# Breedin colours??



## steveo (Apr 4, 2007)

2 of my reds keep going darker in colour than the rest the tails in particular go really black. There are 2 hollows which have appeared in the gravel. does this look like breeding colouration to any one??


----------



## d851 (Oct 31, 2006)

i think they go darker than that mate

what size/ age are they ?

daz


----------



## steveo (Apr 4, 2007)

all about 6" I have had them for a few months only.


----------



## d851 (Oct 31, 2006)

from what i've read and pic's i've seen they go alot darker, virtually black when breeding

daz


----------



## 2PiRaNhA~2FuRrY (Nov 1, 2005)

Breeding color will turn really dark black. However It's not necessary a breeding color because piranha (especially red) change color very often. They can change color by substrate,, diet, light, mood, breeding sign, water quality, etc...
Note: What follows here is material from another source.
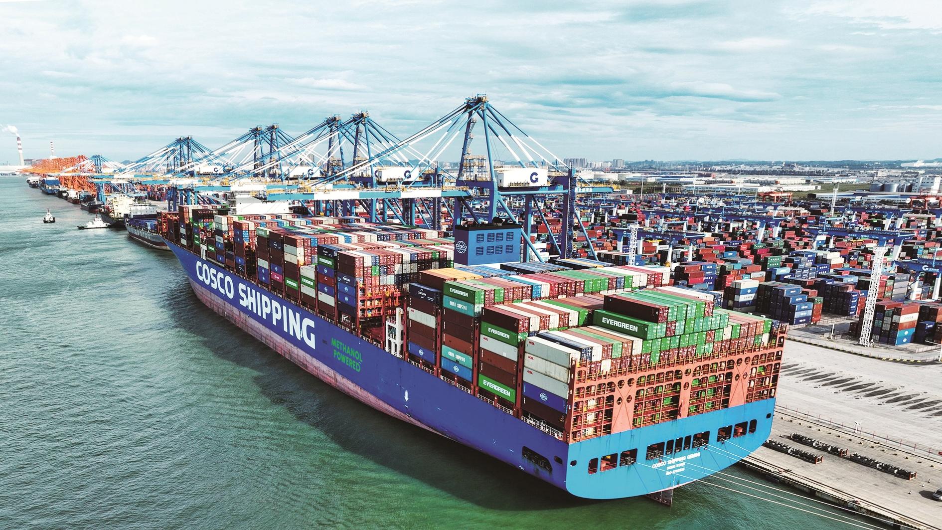 11月11日,一艘海轮在钦州港集装箱自动化码头卸货(无人机照片)。 记者11月30日从国铁南宁局获悉,截至11月29日,西部陆海新通道班列累计发送集装箱货物突破500万标箱、达500.3万标箱,其中今年以来发送突破130万标箱,同比增长55.3%,保持强劲增长势头。近年来,西部陆海新通道班列辐射范围不断扩大,实现多船企、多港口、多品类全面发展,图定班列线路由2019年的2条增至2025年的26条。

if your red are atleast 8month old they should be mature enough to breed. Here are some picture of red turning really dark black, however I don't know if it breeding sign or cause the gravel make them dark?


----------



## steveo (Apr 4, 2007)

Mine change colour alot , I often find them very pale in the morning and dark at night. An interesting fish in many aspects. But I would love to have them breed. Thanks guys.


----------



## LGHT (Nov 9, 2005)

As they get older they will start to loose color, but when they are ready to breed they will go completly greyish black.


----------